* [Material provided]:
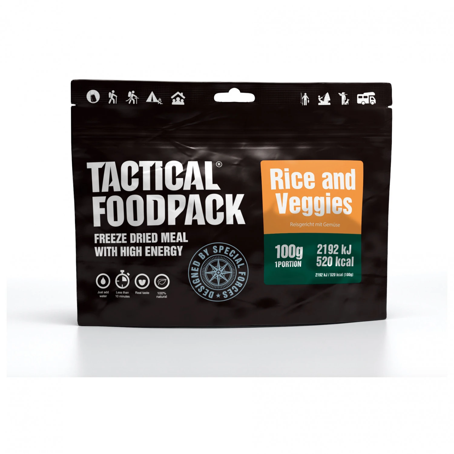 - Reis und Gemüse: Nettogewicht 100 g, Energiegehalt pro Portion 520 kcal
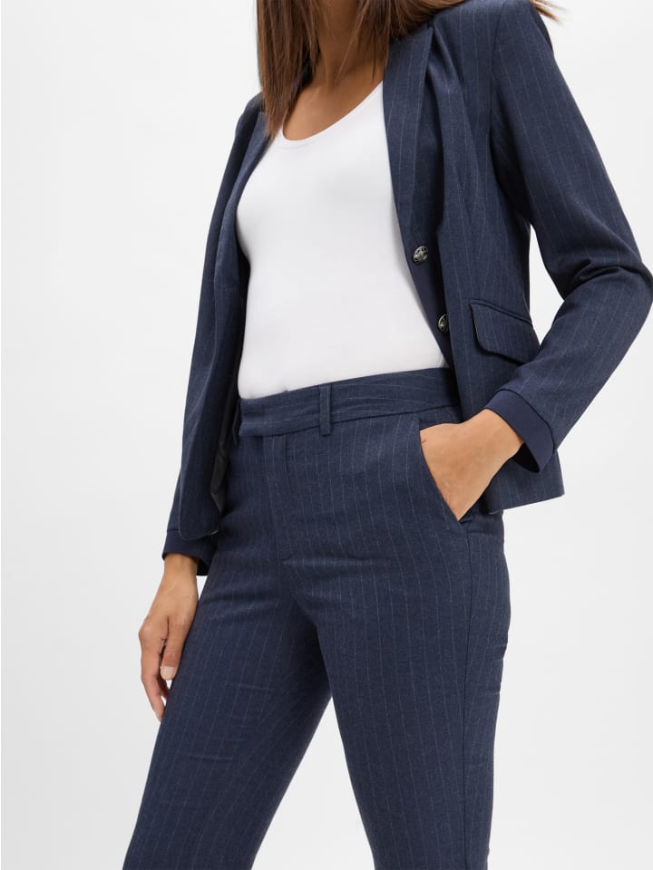 Брюки в тонкую полоску сейчас переживают возвращение - с моделью MMEllen Carie от Mos Mosh, утонченной благодаря содержанию вискозы и классической стрелке, вы будете стильно экипированы для прохладных месяцев.
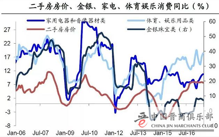 海通研究显示,00年以来,房价经历了四次快速上涨,都导致了家电、金银珠宝和体育娱乐用品等可选消费的快速增加。16年房价飙升,带动家电消费增速接近15%,体育娱乐用品增速超过20%。
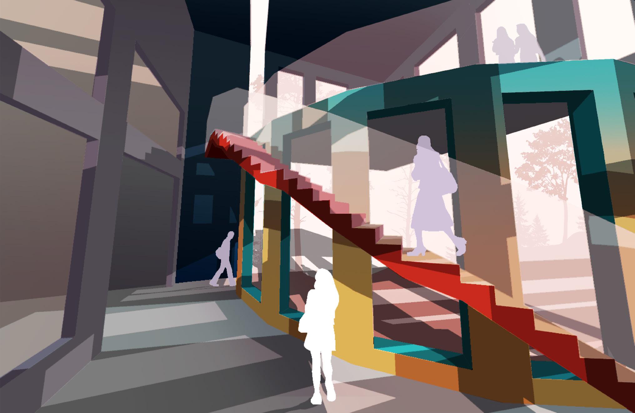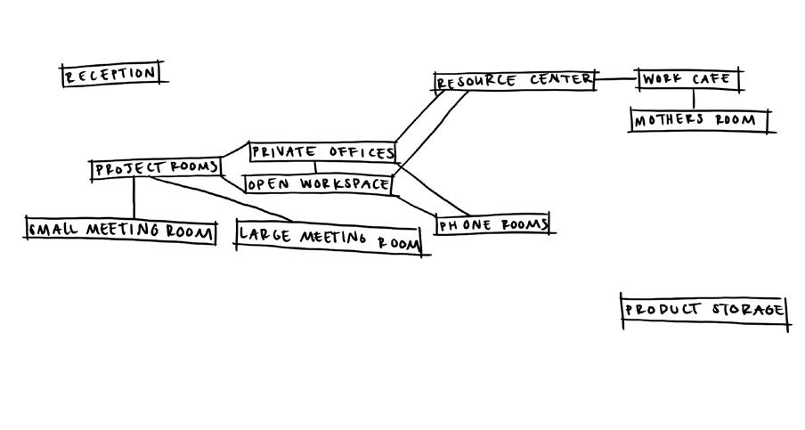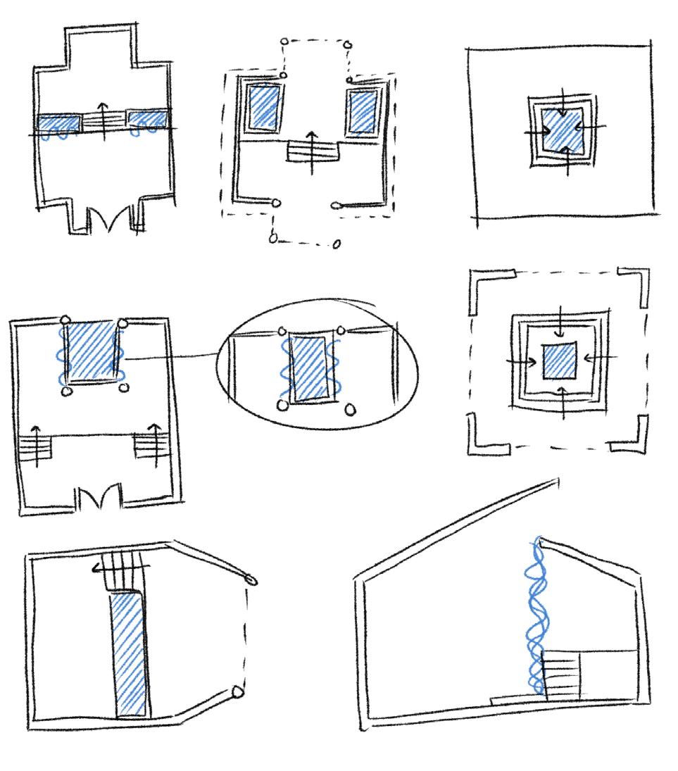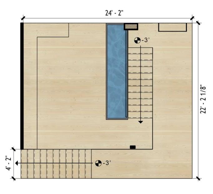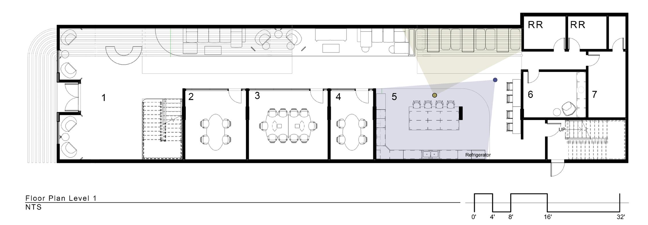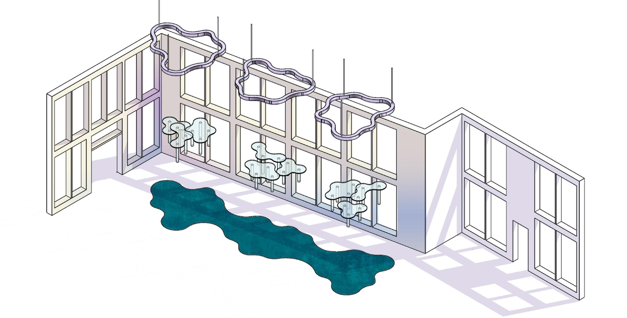 Multiple Parti diagrams were created to determine the ideal layout of the space, considering adjacency, egress, and accessibility. Ultimately the design was organized around a diagonal grid.
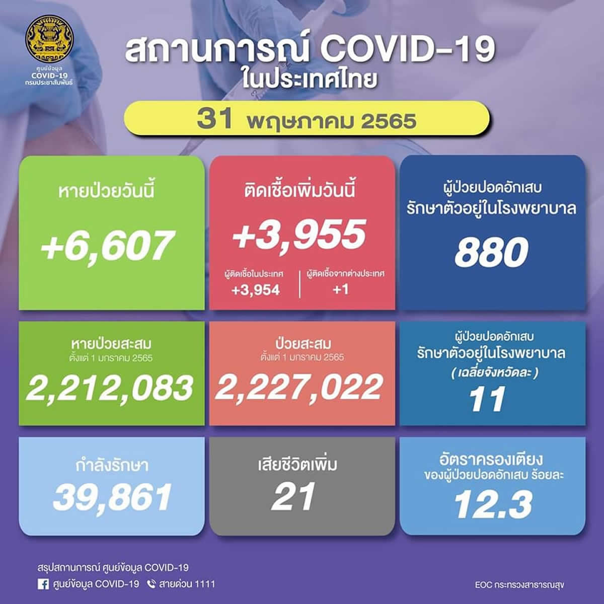 タイ保健省は2022年5月31日(火)朝、1日で確認された新型コロナウイルス陽性者が3,955人で、21人が死亡したと発表しました。また、回復したのは6,607人です。
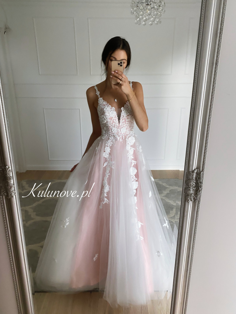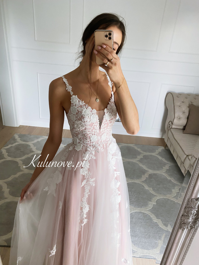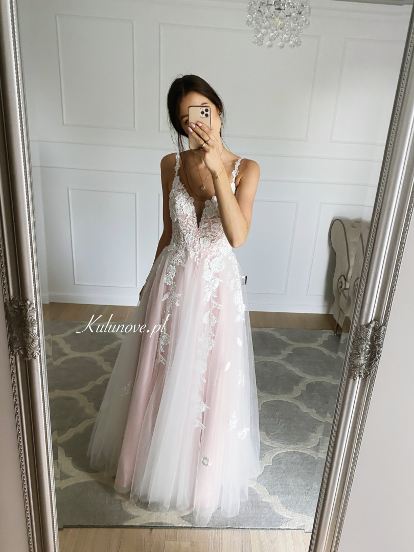 Niesamowita suknia ślubna w kolorze delikatnego różu.
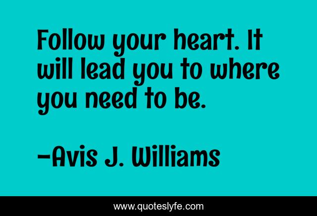 "Avis J. Williams Quotes." Quoteslyfe.com, 2025. Tue. 30 Dec. 2025. <https://www.quoteslyfe.com/quote/Follow-your-heart-It-will-lead-you-78036>.
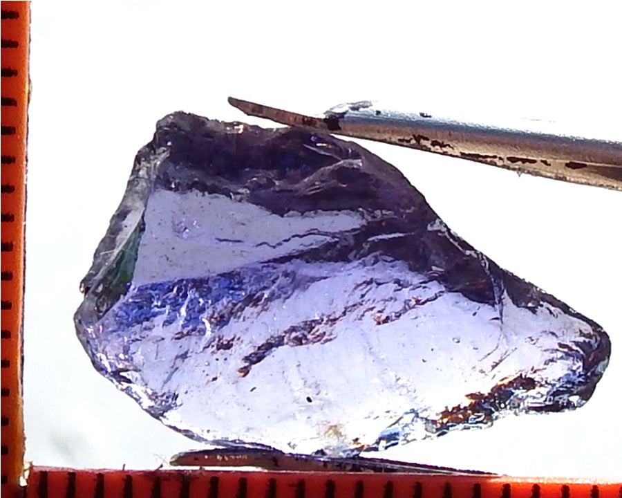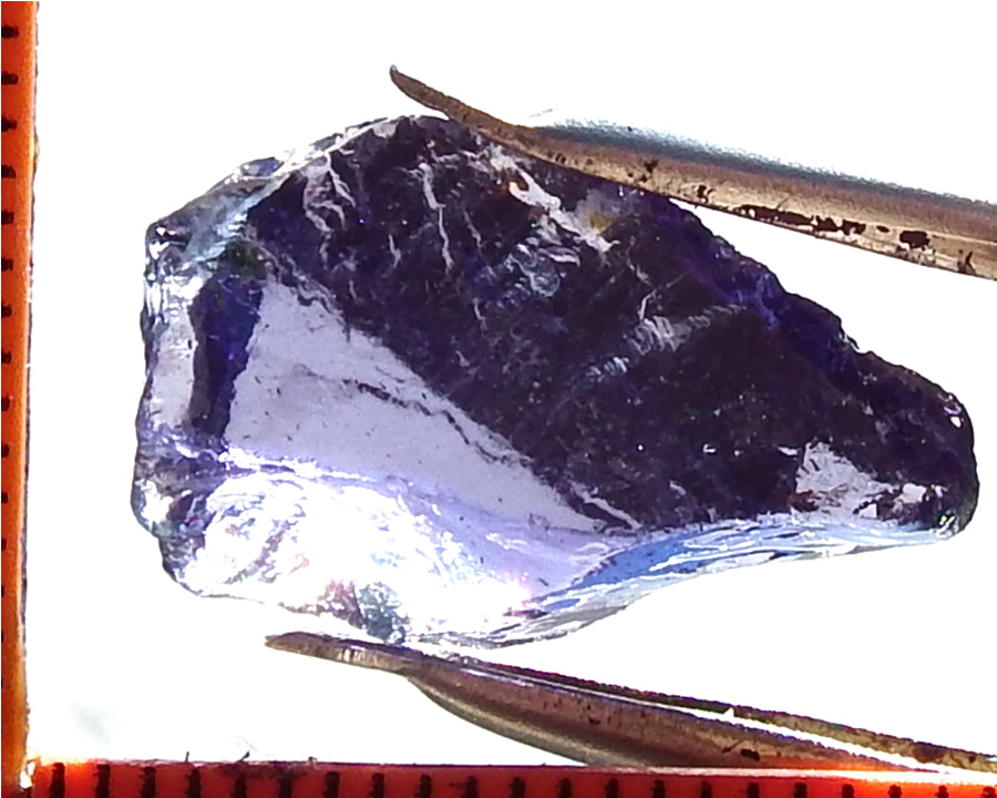 A very attractive Iolite from India, sawn to display the best colour. Iolite is a strongly dichroic stone, that is, it shows a strong purple-blue colour on the one axis and a light grey-purple on the other axis

* [What the task asks]: Respond with the exact lines above running from the one containing "Multiple Parti diagrams" to the one containing "Quoteslyfe.com, 2025. Tue.", both ends kept and no pictures included.

* [Completed task]:
 Multiple Parti diagrams were created to determine the ideal layout of the space, considering adjacency, egress, and accessibility. Ultimately the design was organized around a diagonal grid.
 タイ保健省は2022年5月31日(火)朝、1日で確認された新型コロナウイルス陽性者が3,955人で、21人が死亡したと発表しました。また、回復したのは6,607人です。
 Niesamowita suknia ślubna w kolorze delikatnego różu.
 "Avis J. Williams Quotes." Quoteslyfe.com, 2025. Tue. 30 Dec. 2025. <https://www.quoteslyfe.com/quote/Follow-your-heart-It-will-lead-you-78036>.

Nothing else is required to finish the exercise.